In the next step, you can configure the destination of your data as a sink. If you already have configured any sinks previously you can choose them from the list (for more information, see Mirror Secrets). Alternatively, you can configure a new sink as part of this process. In our example, we’ll use an existing Neon DB secret configured under the name JDBC_JAVI_NEON.

  1. Confirm and deploy

At this point, we are ready to deploy our pipeline! You have two options:

  • Click on the “Deploy Pipeline” button
  • Use the pipeline yaml definition on the right side of the screen and deploy it yourself using the CLI. This definition has been added in each step as you input information in each form.

To finish off this example, we’ll use the Deploy Pipeline button. As a result, we are redirected to the pipeline page where we can see it’s live and started

Congrats in deploying your pipeline!

Creating Mirror pipelines with the CLI

The CLI allows for more customization than the Pipeline Builder, which uses defaults for most parameters. There are two ways in which you can create pipelines with the CLI:

  • Interactive
  • Non-Interactive

Interactive: Guided CLI experience

Just like with the Pipeline Builder, this is a simple and guided way to create pipelines via the CLI. Run goldsky pipeline create <your-pipeline-name> in your terminal and follow the prompts.

In short, the CLI guides you through the following process:

  1. Select one or more source(s)
  2. Depending on the selected source(s), define transforms
  3. Configure one or more sink(s)

Non-interactive: Pipeline configuration

This is an advanced way to create a new pipeline.
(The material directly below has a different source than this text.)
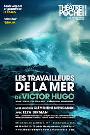 Un amas d’escabeaux et de planches encombre la partie cour du plateau, quelques lumières, un ventilateur. Ce sera le bateau. Partie gauche du plateau, un homme, un pêcheur, rustre tout autant que sensible. On le moque parce qu’il est différent : « que voulez-vous que le pays devienne avec un homme comme cela », murmure-t-on. Il s’appelle Gilliatt. A 30 ans, il en parait 45. Nous sommes à Guernesey, petit ile anglo-normande, domicile du pêcheur mais aussi refuge de Victor Hugo, l’auteur de ces « travailleurs de la mer », pavé de 700 pages dont Elya Birman et Clémentine Niewdanski proposent ici une adaptation théâtrale en une heure. Gilliatt, en dehors de la mer, nourrit une passion secrète pour Déruchette, la fille d’un armateur, propriétaire de la Durande, un vapeur qui vient de s’échouer au large de Guernesey. Le navire est détruit mais pas sa précieuse et irremplaçable chaudière. Alors, comme un défi, la jeune Déruchette offre le mariage à quiconque sauvera des flots ce qui reste du navire. C’en est trop pour Gilliatt. Fort de cette promesse qu’il tient pour acquise, il va se lancer dans plusieurs mois d’un labeur inhumain, sous les intempéries et au péril de sa vie. Arrivera-t-il à ses fins ? Rapportera-t-il sa précieuse cargaison ? Remportera-t-il la main de Déruchette ? On ne dévoilera pas ici la conclusion de ce récit lyrique dont le style flatte l’oreille tout autant qu’il empèse parfois les phrases. Avec son corps, dur à la tâche, avec les mots de Hugo, Elya Birman nous propose un Gilliatt impeccable. On est avec lui, on souffre avec lui. Le comédien et Clémentine Neiwdanski, la coadaptatrice et metteuse en scène, proposent ici un récit classique, respectueux de la magnifique langue de l’auteur des Misérables. Et le public du Poche Montparnasse, adepte de la littérature des siècles passés, y trouve son compte et exprime -avec raison- sa jubilation devant cette adaptation. Le critique qui signe ces lignes a lui aussi apprécié la performance mais il doit reconnaitre, avec regret, avoir été peu sensible à ce qui se passe sur le plateau du théâtre de Poche.

Instead of using the guided CLI experience (see above), you create the pipeline configuration on your own.

Writing a configuration file

A pipeline configuration is a YAML structure with the following top-level properties:

name: <your-pipeline-name>
apiVersion: 3
sources: {}
transforms: {}
sinks: {}

Both sources and sinks are required with a minimum of one entry each. transforms is optional and an empty object ({}) can be used if no transforms are needed.
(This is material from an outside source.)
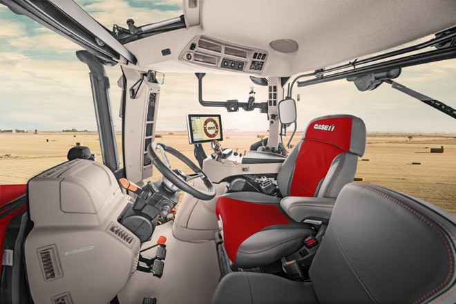 Para combinar confort y control, el nuevo reposabrazos en los modelos Multicontroller (con PowerDrive Full Powershift de 19 velocidades) y CVXDrive (con transmisión continua CVX) incorpora ahora más funciones, muchas de ellas personalizables. Incluye una ruleta de navegación que puede utilizarse preferiblemente como alternativa a deslizar el dedo por la nueva pantalla táctil de 12 pulgadas AFS Pro 1200 para navegar por ella y seleccionar las funciones. El monitor permite configurar las respuestas de la transmisión CVX y de la suspensión del eje delantero.

Click through here for the full reference documentation on Mirror pipeline configuration files, or to the source and sink-specific documentation. Note that to create a pipeline from definition, you need to have a database secret already configured on your Goldsky project.

As an example, see below a pipeline configuration which uses the Ethereum Decoded Logs dataset as source, uses a transform to select specific data fields and sinks that data into a Postgres database whose connection details are stored within the A_POSTGRESQL_SECRET secret:

Run goldsky pipeline apply <your-pipeline-config-file-path> in your terminal to create a pipeline.

Once your pipeline is created, run goldsky pipeline start <your_pipeline_name> to start your pipeline.

Monitor a pipeline

When you create a new pipeline, the CLI automatically starts to monitor the status and outputs it in a table format.

If you want to monitor an existing pipeline at a later time, use the goldsky pipeline monitor <your-pipeline-name> CLI command. It refreshes every ten seconds and gives you insights into how your pipeline performs.